Important Safety Information for Lantus (insulin glargine injection) 100 Units/mL
Contraindications
Lantus is contraindicated during episodes of hypoglycemia and in patients with hypersensitivity to insulin glargine or any of the excipients in LANTUS.
Warnings and Precautions
Insulin pens, needles, or syringes must never be shared between patients. Do NOT reuse needles.

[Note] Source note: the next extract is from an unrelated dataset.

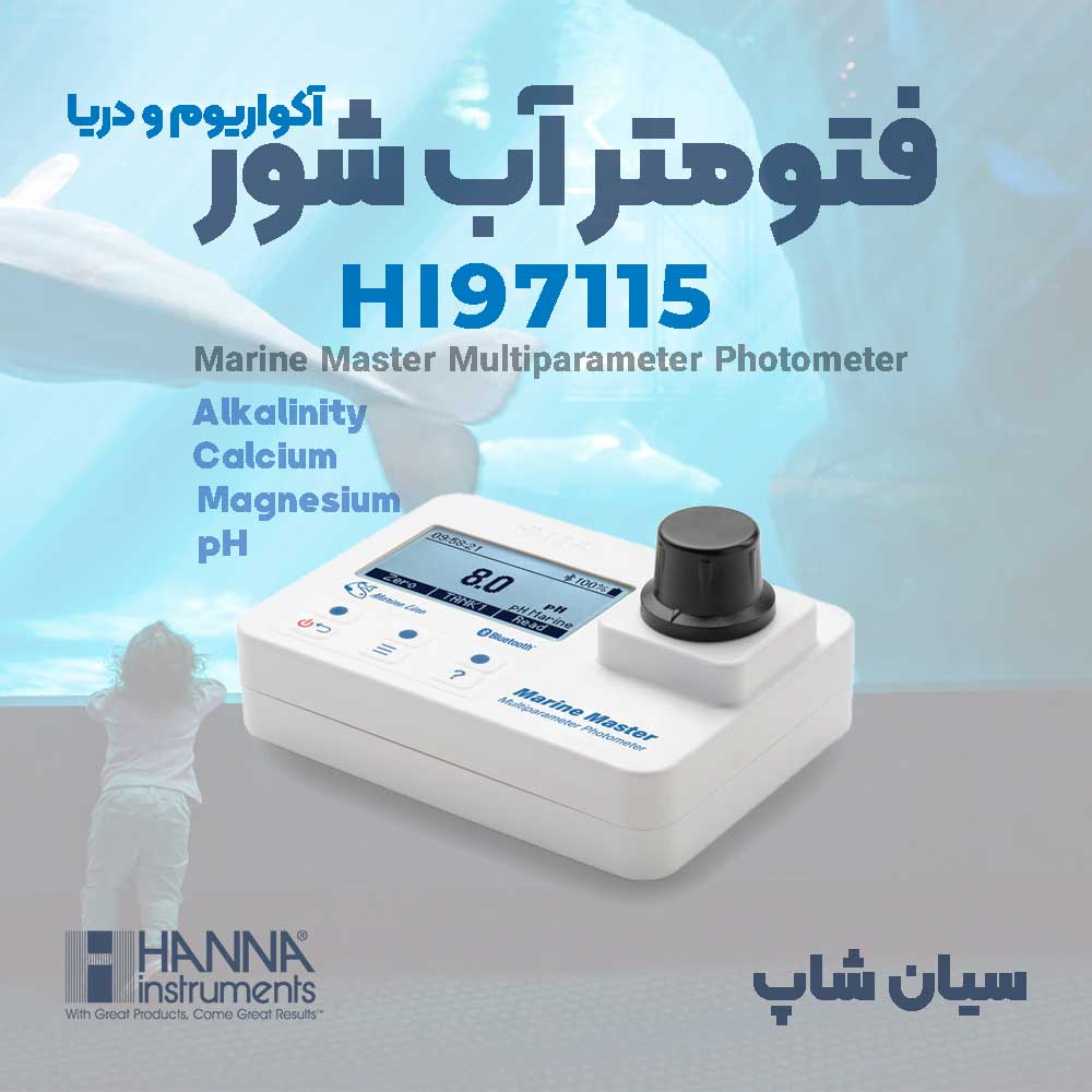 فتومتر چندکاره آب شور آکواریوم و دریا HANNA HI97115 از تجهیزات مولتی پارامتر شیمایی بلوتوثیِ پرتابل و رومیزی هانا آمریکا که با استفاده از سیستم نوری پیشرفته و حرفه ای قادر به تعیین شاخص های pH، قلیاییت، آمونیاک، کلسیم، منیزیم، نیترات، نیتریت و فسفات، جهت کنترل کیفیت آب آکواریوم ها و سنجش های آزمایشگاهی و میدانی زیست محیطی کاربرد دارد.

Monitor blood glucose in all patients treated with insulin. Modify insulin regimen only under medical supervision. Changes in insulin regimen including, strength, manufacturer, type, injection site or method of administration may result in the need for a change in insulin dose or an adjustment in concomitant drugs.
Repeated insulin injections into areas of lipodystrophy or localized cutaneous amyloidosis may result in hyperglycemia; sudden change in the injection site (to unaffected area) has been reported to result in hypoglycemia. Advise patients to rotate injection site to unaffected areas and closely monitor for hypoglycemia.
Do not dilute or mix Lantus with any other insulin or solution. If mixed or diluted, the solution may become cloudy, and the onset of action/time to peak effect may be altered in an unpredictable manner. Do not administer Lantus via an insulin pump or intravenously because severe hypoglycemia can occur.
Hypoglycemia is the most common adverse reaction of insulin therapy, including Lantus, and may be life-threatening.
Hypoglycemia due to medication errors, such as accidental mix-ups between basal insulin products and other insulins, particularly rapid-acting insulins, have been reported. Patients should be instructed to always verify the insulin label before each injection.
Severe life-threatening, generalized allergy, including anaphylaxis, can occur. Discontinue Lantus, treat and monitor until symptoms resolve.
A reduction in the Lantus dose may be required in patients with renal or hepatic impairment.
As with all insulins, Lantus use can lead to life-threatening hypokalemia. Untreated hypokalemia may cause respiratory paralysis, ventricular arrhythmia, and death. Closely monitor potassium levels in patients at risk of hypokalemia and treat if indicated.
Fluid retention, which may lead to or exacerbate heart failure, can occur with concomitant use of thiazolidinediones (TZDs) with insulin. These patients should be observed for signs and symptoms of heart failure. If heart failure occurs, dosage reduction or discontinuation of TZD must be considered.
Drug Interactions
Certain drugs may affect glucose metabolism, requiring insulin dose adjustment and close monitoring of blood glucose. The signs of hypoglycemia may be reduced in patients taking anti-adrenergic drugs (e.g., beta-blockers, clonidine, guanethidine, and reserpine).
Adverse Reactions
Adverse reactions commonly associated with Lantus include hypoglycemia, allergic reactions, injection site reactions, lipodystrophy, pruritus, rash, edema and weight gain.
Important Safety Information for Lantus SoloSTAR
Lantus SoloSTAR is a disposable single-patient-use prefilled insulin pen. To help ensure an accurate dose each time, patients should follow all steps in the Instruction Leaflet accompanying the pen: otherwise they may not get the correct amount of insulin, which may affect their blood glucose.